Home > Other > Seven-Tenths > Page 27
Seven-Tenths Page 27

by James Hamilton-Paterson


  The Bajau were homeward bound from the island of Siasi, whose town was the nearest reliable source of fresh water. There was also an acute shortage there, to be sure, but at least water could be bought at a seasonal average of about 12p per jerrycan. At first light they had reached Siasi’s jetty with a load of fish, which the women’s husbands had caught the previous day and had kept alive overnight in rattan containers suspended in the tide beneath the floors of their huts. All the Bajaus’ transactions had been carried out by the one woman among them who knew how to use money. None of the four was literate, but she did understand coins. As long as everything was done in coins it was all right. She would have nothing to do with paper money. Not only could she never be sure of the denominations but it was all too evidently flimsy stuff. Drop it in the sea and it would be reduced to pulp and where were you then? For all her knowledge, though, she and her companions were happiest with barter. Barter, now, that was the proper way of doing things; taking into account all sorts of subtle variables like quality, whether there was a glut or a shortage that day, how much of a hurry you were in. Thus a basket of medium blue crabs might fetch two baskets of good cassava, while a ‘half-boat’ shark half the length of the bangka was worth quite an assortment of nylon line, fish hooks and petrol, plus (especially if the Chinese shopkeeper was buying jaws as well as fins) two pairs of children’s shorts.

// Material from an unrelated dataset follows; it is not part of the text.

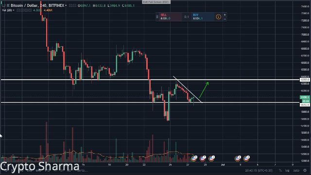 If btc broke the above trend line then we can see bitcoin price towards to $6355 as shown in above image.
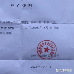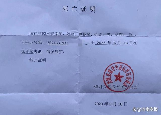 当天下午4点左右,家属将老人的遗体运回家中,并陆续通知在外地的儿孙辈赶回老家。当天下午6点左右,家属前往村委会给老人办理《死亡证明》,家属说明情况后,村干部刘某福开具了一份《死亡证明》,并盖上村委会公章。《死亡证明》上写着,曾昭琴于2023年6月18日“在家正常去逝,情况属实”。家属拿到《死亡证明》后,村干部又通过熟人传话,催促尽快将老人的遗体火化。

  As the boat rounded an islet they could see Subuan in the distance with its detached clump of huts standing well offshore on legs anchored in the corals. The sea’s surface glassily collected the white clouds which, towards midday, might with any luck heap together and wring some precious rainwater out of themselves. The Bajau stared forward, reading the water. Probably no other people anywhere could gaze with such knowledge of what was happening below its surface. The sudden swirl of a tail, catspaws and dimples of wind, the alignment of the snapped blades of Thalassia sea grass whose floating debris threaded the archipelago like oil slicks, even passing smells: all carried information or stood for omens.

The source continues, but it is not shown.